Our bodies experience stress on a daily basis. Sometimes, that stress is good and can help us achieve certain goals in life, especially when they lead to feeling happiness, success or fulfillment. Usually, the stress is short lived and our bodies move out of the adrenaline releasing “fight or flight” state quickly without doing damage to our bodies.
Examples of good stress include:
- Work deadlines
- Giving a presentation or speech
- Taking a test
- Planning a wedding, party, or religious event
When we are exposed to ongoing stress, it gets in the way of our bodies being able to do the things that we want to do everyday. Our bodies remain in the “fight or flight” state for a long time and our bodies aren’t able to have periods of rest in between. When we are in this constant state, certain systems in our bodies – particularly the endocrine, reproductive, and digestive – are unable to return to their normal state and this puts us at risk for further health complications.
Examples of bad stress include:
- The death of a loved one
- Caring for a family member with ongoing illness or disability
- Repetitive deadlines at work with no breaks in between
- Ongoing relationship challenges
So, how exactly do we decrease our stress?

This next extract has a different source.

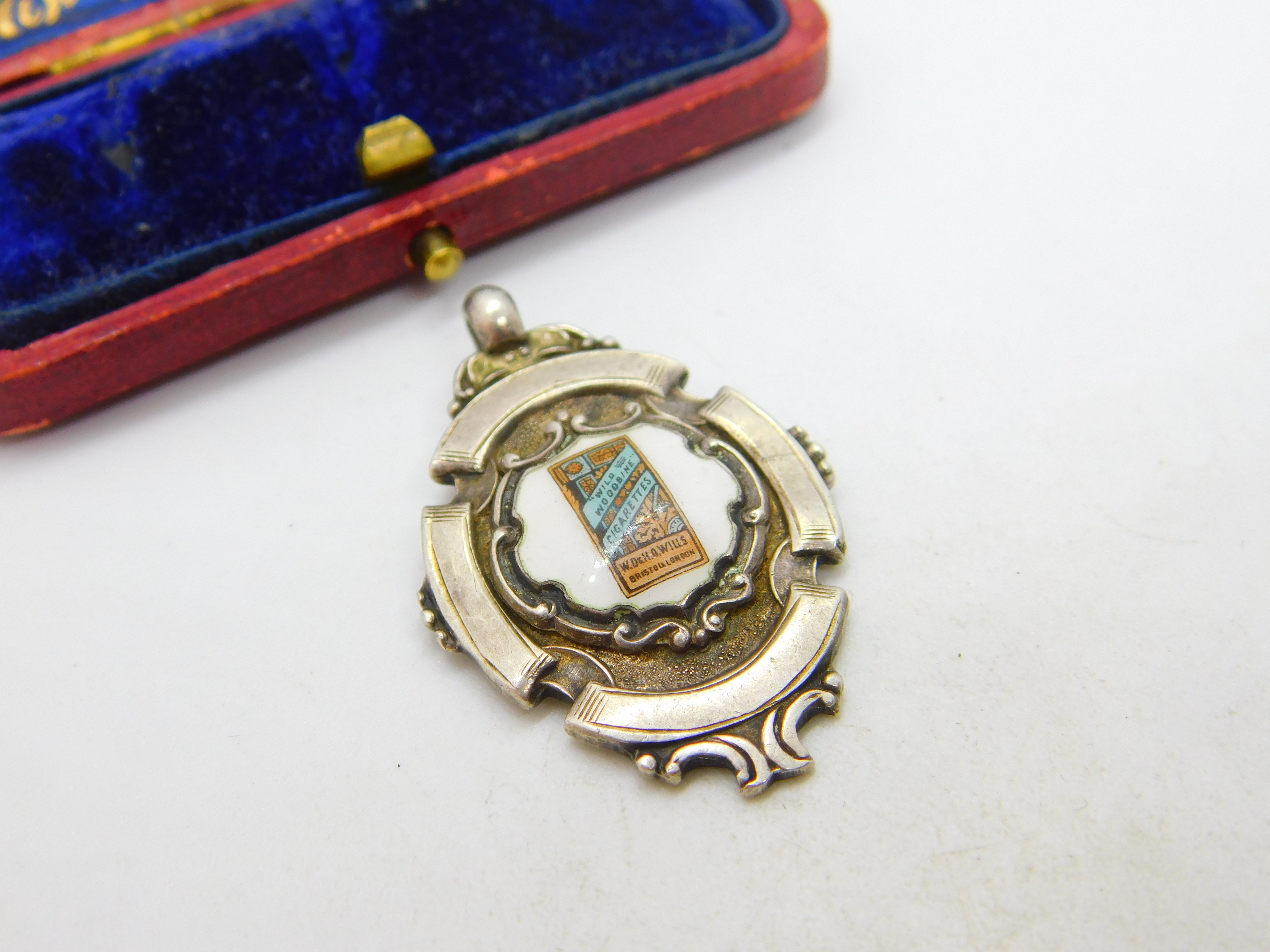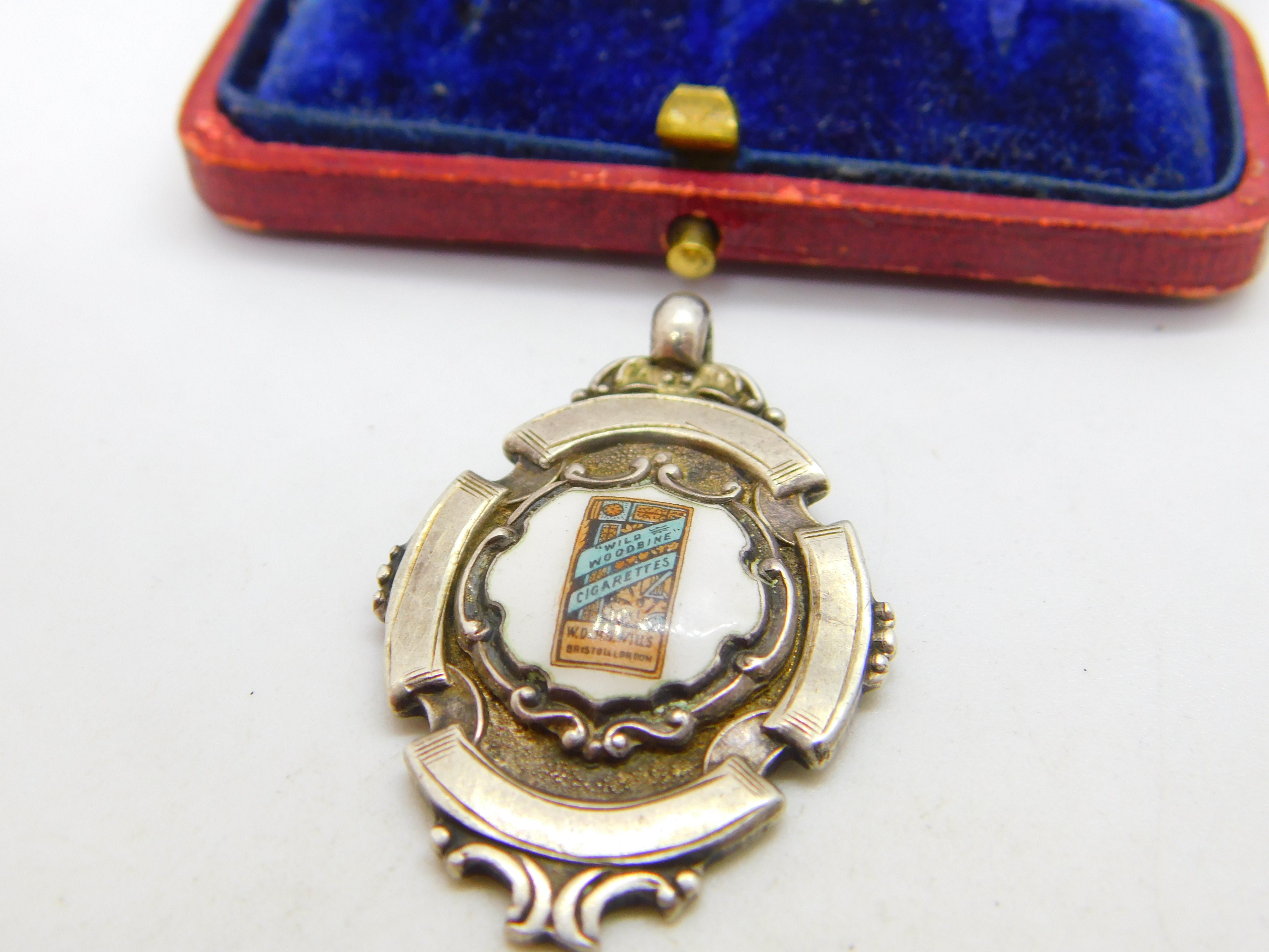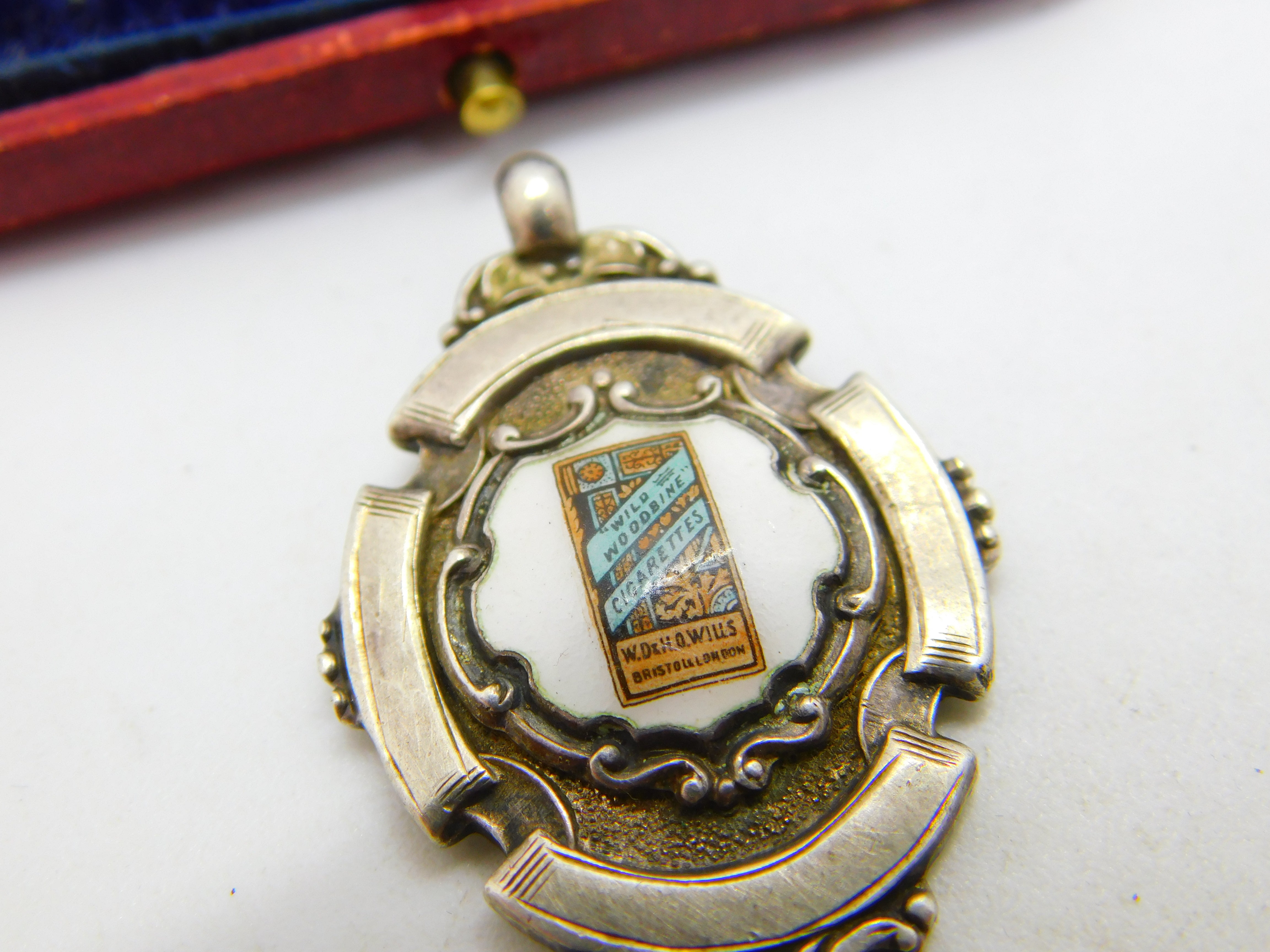 Sterling Silver Enamel Woodbine Cigarette Cup Fob Medal 1937 Chester Antique

Tip 1: Focus on the things we can control and accept the things we can’t. As much as we’d like to, we can’t control Chicago rush hour traffic. We also can’t control our boss moving up a deadline or changing expectations at the last minute. Instead, develop strategies for dealing with the stress in the moment. Play your favorite music or listen to a Podcast. Safely make phone calls while waiting in line or sitting in traffic. Make a to-do list of the things you have direct responsibility for and work through the list. This includes delegating when appropriate.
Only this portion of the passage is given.